So that's another nice thing about investing in a major urban center is that those long term rental rates tend to be higher. So you can usually use that as a decent backup plan for the property more effectively than you can with a more rural property. The other thing is that you do generally have the flexibility to pivot towards business travelers, things like that. So there is a bit of flexibility and who you can cater that property towards you tend to protect yourself against a lot of that downside with with a property that is the right property that you bought for the right price.

Now, the third type of vacation rental market or short term rental market, if you will, is vacation homes. Now this is my personal favorite type of property to invest in have a market to invest in is when you're catering to people on vacation. So a little bit different than tourism. Now we look at tourism, I'm talking about going people, you know people coming in from abroad traveling to major urban destinations versus that vacation rental market or something like Florida, where people are going and vacationing every year for a couple weeks, they're not out there exploring a new city getting to know a new country, they're just going down there for a regular family vacation.

Now, that means that typically you're not in a major urban center, typically you are in somewhere more remote, more rural, I should say is probably a better way to describe it. Oftentimes, you're catering more to domestic travelers, you're usually catering to people from the same areas, you're not getting people from all different parts of the world coming in, you know, if you have a property in Florida, you're probably getting mostly people from New York and from Ontario, from Canada coming down the same thing every year, you tend to get a lot of repeat bookings from those types of properties, which is really nice.

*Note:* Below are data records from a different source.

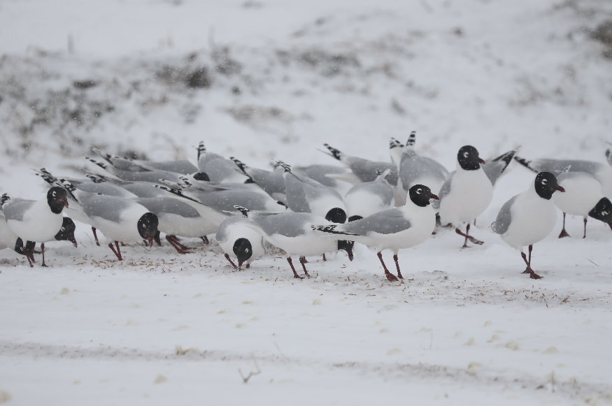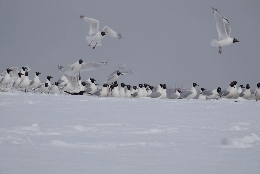 2023年4月3日,经过一天降雪,河北省张家口市康保县积雪厚度达9厘米。回归康巴诺尔湖的1000余只遗鸥觅食困难。遗鸥保护协会及时启动中国绿色碳汇基金会和中国春秋航空公司康保遗鸥救助项目,开辟一处雪地投食场,为遗鸥投喂干面包虫60斤,馒头50斤,部分解决了遗鸥因饥饿而导致体质衰弱或死亡现象的发生。
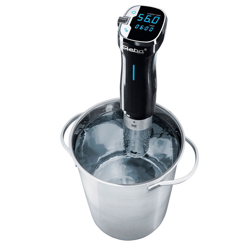 Аппарат для готовки по технологии су-вид Steba с корпусом из нержавеющей стали оборудован профессиональной системой циркуляции воды, служащей для очень точного регулирования температуры. Точность измерения температуры регулируется с шагом 0.5°C до 90°C. Аппарат имеет простое управление с сенсорным дисплеем, функцию быстрого нагрева воды.
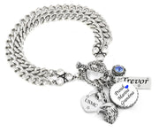 Grandma will love showing her pride with a beautiful double-chain silver bracelet that honors her granddaughter or grandson in the Military. This is a collectible bracelet that is made of beautiful silver and personalized with engraved charms.
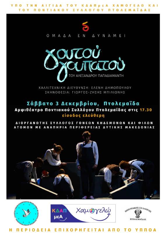 Ο Σύλλογος Γονέων, Κηδεμόνων και φίλων Ατόμων με Αναπηρία Περιφέρειας Δυτικής Μακεδονίας με αφορμή την Παγκόσμια Ημέρα Ατόμων με Αναπηρία υποδέχεται τη θεατρική ομάδα En dynamei/Εν δυνάμει και την παράσταση “ΓΟΥΤΟΥ ΓΟΥΠΑΤΟΥ” του Αλέξανδρου Παπαδιαμάντη, σε σκηνοθεσία του Γιώργου -Ζήση Μπιλιώνη και καλλιτεχνική επιμέλεια της Ελένης Δημοπούλου.
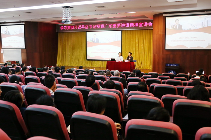 11月29日下午,开云官网举行学习贯彻习近平总书记视察广东重要讲话精神宣讲会。学校党委书记冉丕鑫主持宣讲会,习近平总书记视察广东重要讲话精神广州市委宣讲团成员、广州大学党委书记屈哨兵做宣讲报告。学校领导,校本部副科及以上干部、副高职称及以上专业技术人员,各直属医院领导班子全体成员等共300余人参加了宣讲会。

If you have tourists coming in from abroad, they're generally not making an annual trip out of that. So you're not going to get as many repeat bookings, as you would with a vacation rental. And that's one big advantage. The other big advantage is that because these more readily located properties are rural, you tend to be able to get them for better prices, you're not paying that premium to be in an urban center. Now the other advantage there is that you can then make a much, much better ROI on some properties by buying the right property that cost very little back and bring in a tremendous amount on short term rental as an Airbnb.

Now, the downside of that market is that because it's more rural, you typically have less of a backup plan to follow on to with the long term rental market, because long term rentals tend to be much, much lower price, and in much less demand in these types of markets. So you got to make sure that you have different backup plans in place to protect yourself in the worst case scenario. Personally, no matter what type of market I'm investing in, I always make sure that our worst case scenario is breaking even each month on the cash flow for the property, we never want to be in a position where we're risking losing money on cash flow, because that could lead us to having to sell the property at the wrong time.

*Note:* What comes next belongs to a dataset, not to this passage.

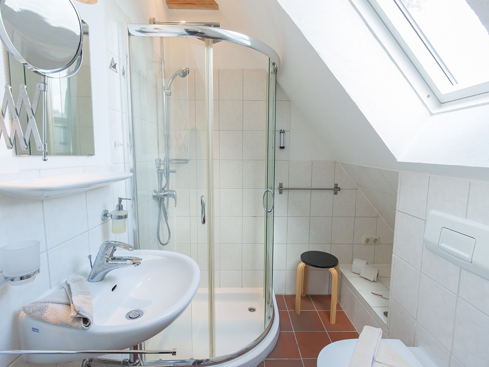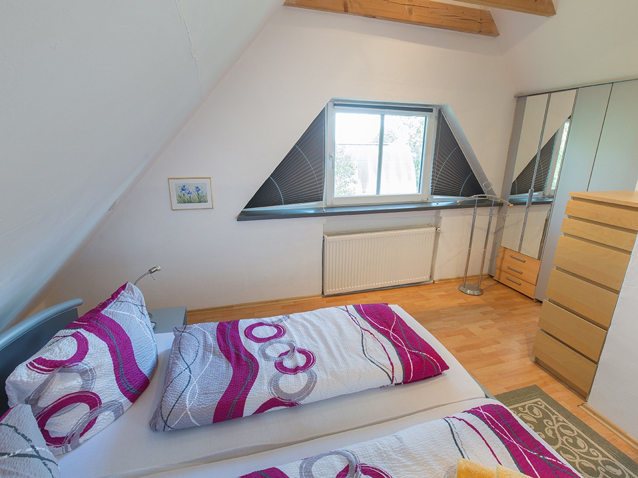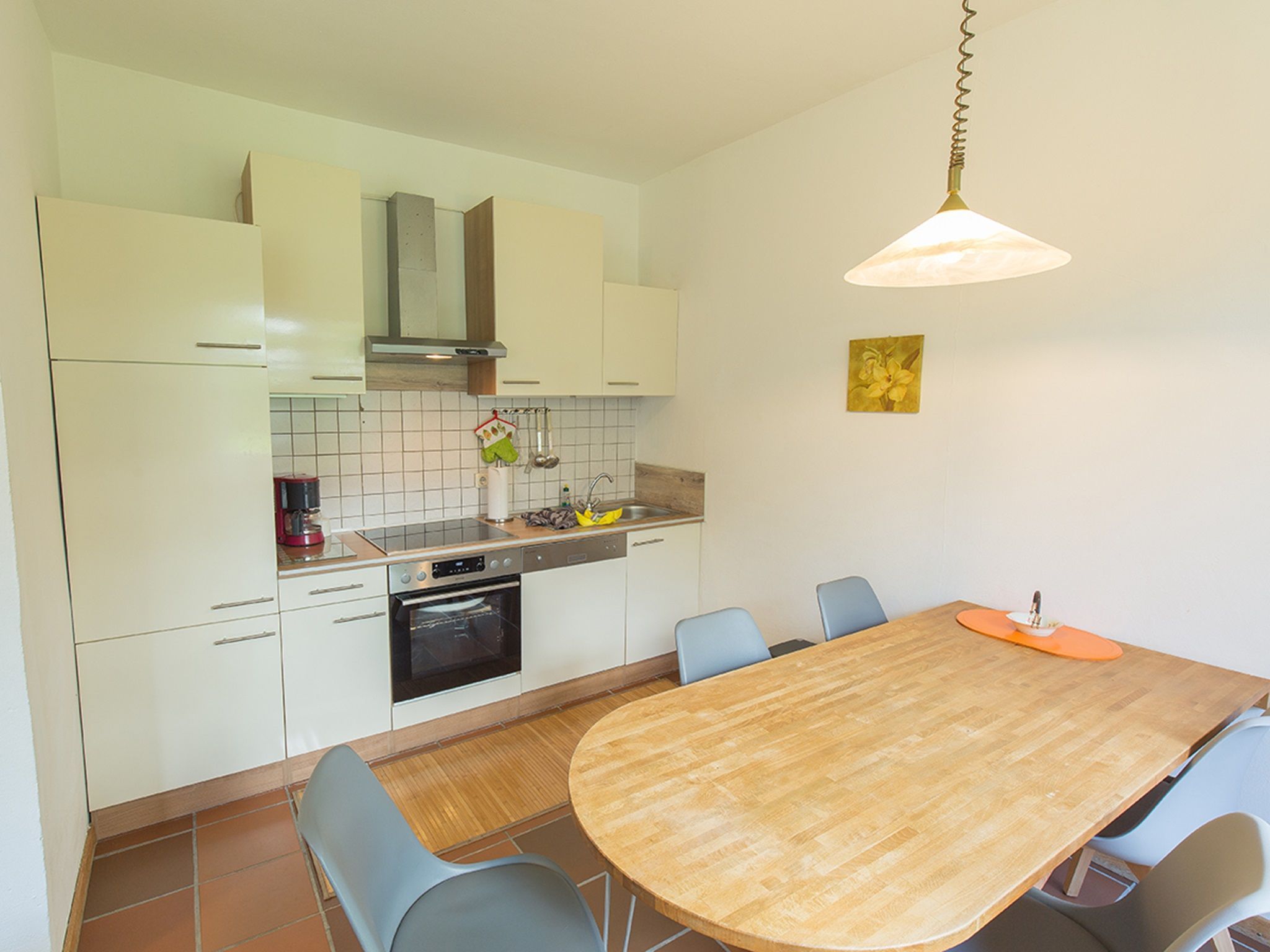 Ab Diele gelangen Sie in den großen gemütlichen Wohn-/Ess-/Kochbereich mit Kaminofen und dem ersten Badzimmer mit Wanne. Eine offene Holztreppe führt ins Obergeschoß zum zweiten Badezimmer mit Dusche sowie den beiden Schlafräumen. Ein Schlafzimmer hat ein komfortables Doppelbett und das andere insgesamt drei Einzelbetten. Nutzen Sie ihre eigene große Terrasse mit Blick ins Grüne.

If the property costs money to own, then it could force you to give you no other option, especially if you're growing a really large portfolio, you could have to sell that property when the market is not great for selling the property. And then you could lose money selling the property. That's where a lot of people got into trouble back in 2008. Whereas if you make sure that even in the worst case, conceivable scenario, you're still going to be at the very least breaking even on your cash flow, you know that you can hold that property indefinitely. It's not really causing a financial strain for you.

So you're going to hold it and weather the storm and sell only when and if the market is hot. So that's where you're really going to win long term real estate is by being able to control when you sell and hold properties long term. Because we know that over the lifespan of real estate North America, the market has been going up. Now I don't have a crystal ball to say that that's always going to happen in the future. But if we look at history, it's indicated that hey, long term real estate is gonna go up even if it does take short term dips. So we want to make sure that we can weather those storms and hold long term.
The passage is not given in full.